═════ DATA SECTION

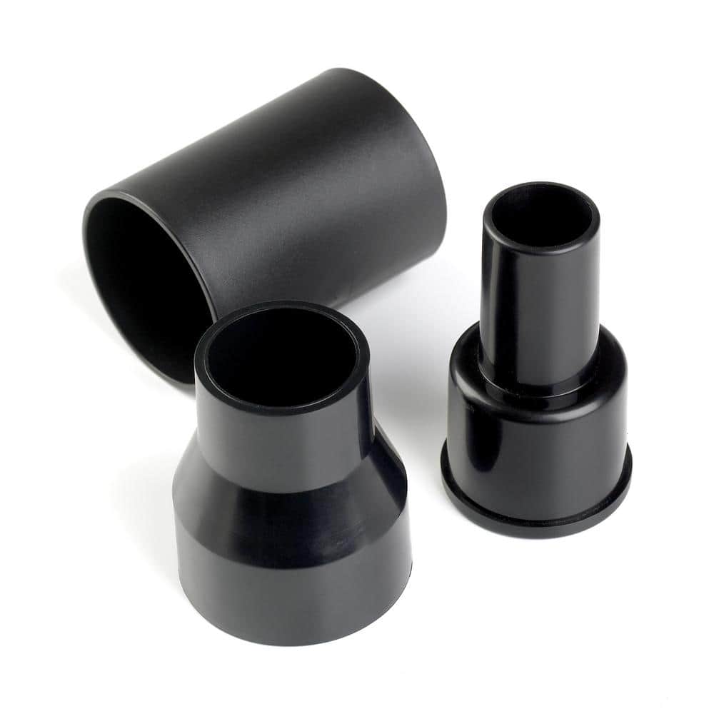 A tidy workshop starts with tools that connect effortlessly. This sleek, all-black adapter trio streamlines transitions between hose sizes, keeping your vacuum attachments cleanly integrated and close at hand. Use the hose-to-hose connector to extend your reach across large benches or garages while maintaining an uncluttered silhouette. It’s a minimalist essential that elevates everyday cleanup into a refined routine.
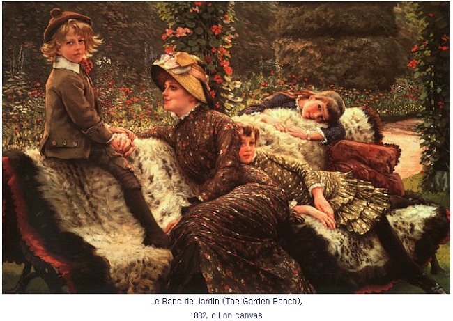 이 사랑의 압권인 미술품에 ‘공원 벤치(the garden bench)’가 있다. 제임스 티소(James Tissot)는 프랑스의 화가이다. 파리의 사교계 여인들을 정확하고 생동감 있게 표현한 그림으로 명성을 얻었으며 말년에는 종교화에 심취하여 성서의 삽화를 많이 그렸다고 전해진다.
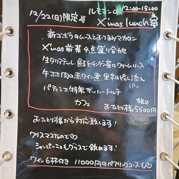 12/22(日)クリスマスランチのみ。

══════════

ASSIGNMENT >> I would like the lines from the one with "이 사랑의 압권인 미술품에" through the last line of the data above retyped exactly, with pictures left out, please.

RESULT FOR THIS EXERCISE >>
 이 사랑의 압권인 미술품에 ‘공원 벤치(the garden bench)’가 있다. 제임스 티소(James Tissot)는 프랑스의 화가이다. 파리의 사교계 여인들을 정확하고 생동감 있게 표현한 그림으로 명성을 얻었으며 말년에는 종교화에 심취하여 성서의 삽화를 많이 그렸다고 전해진다.
 12/22(日)クリスマスランチのみ。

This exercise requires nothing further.